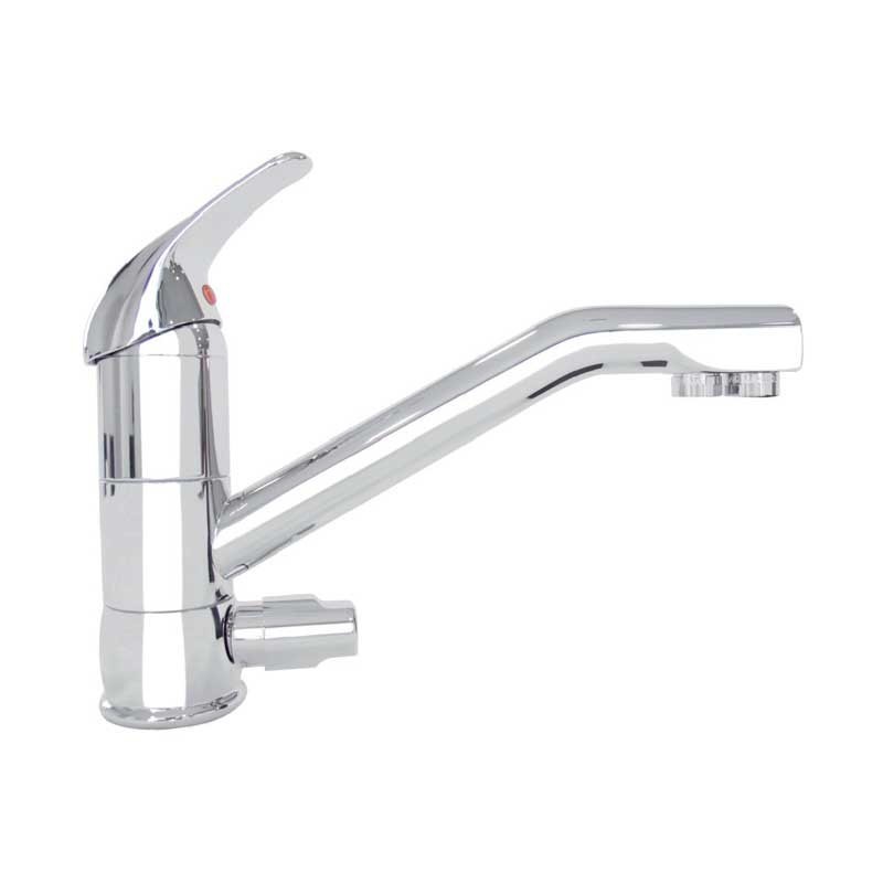 Torneira de dupla função, 3 vias, dupla saída (rede de água e água de osmose) e poste baixo de 19,5 cm de altura, acabamento cromado para pia de cozinha. Cartucho cerâmico de 40 mm de entrega fixa para a água convencional e montagem cerâmica para água osmotizada.
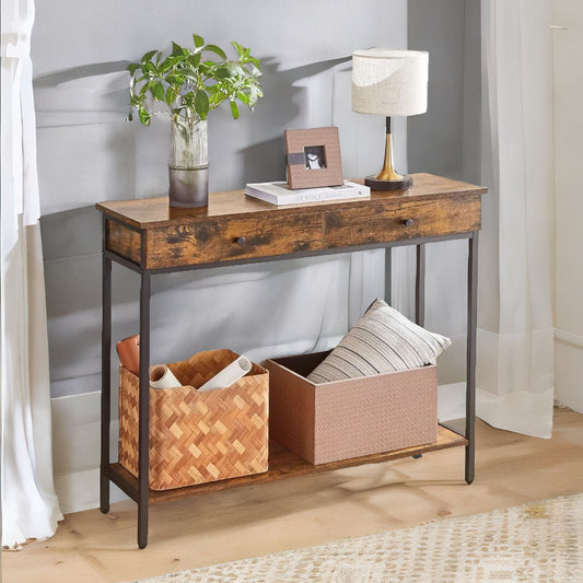 2 Tier Hallway Slim Console Table With 2 Drawers Rustic Brown
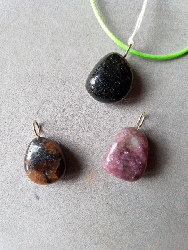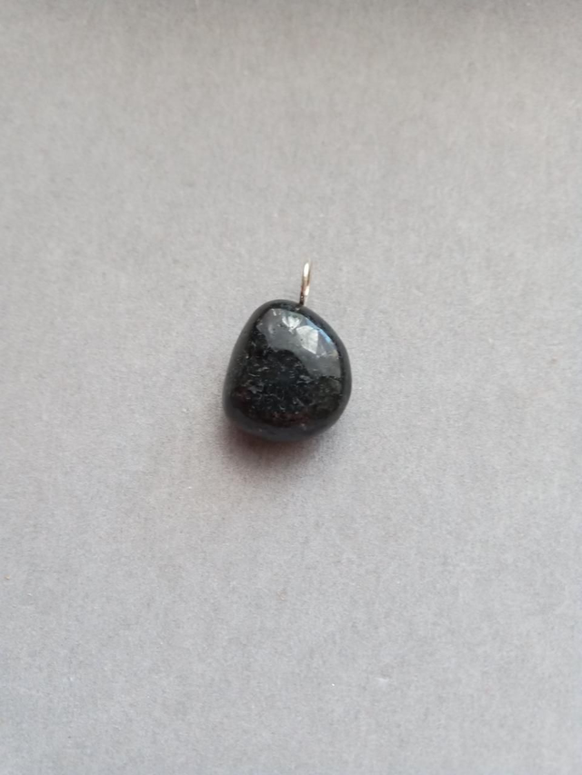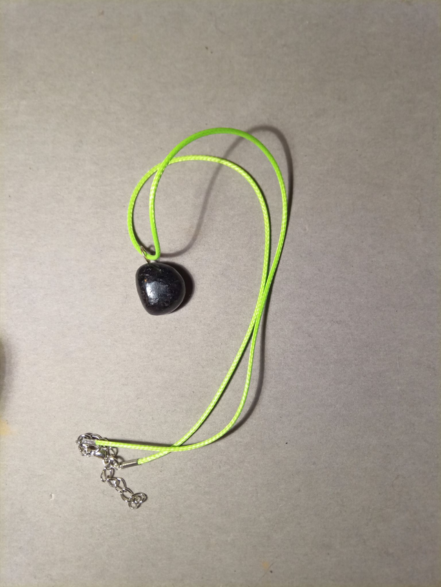 Pendentif en Nuumite véritable (noire) AA 2cm environ fourni avec un cordon vert fluo

-- -- --

§ INSTRUCTIONS TO FOLLOW
Your copy should hold exactly the lines from the line bearing "2 Tier Hallway" through the end of the data, both included, and no pictures or anything further.

§ OUTPUT FOR THIS TASK
 2 Tier Hallway Slim Console Table With 2 Drawers Rustic Brown
 Pendentif en Nuumite véritable (noire) AA 2cm environ fourni avec un cordon vert fluo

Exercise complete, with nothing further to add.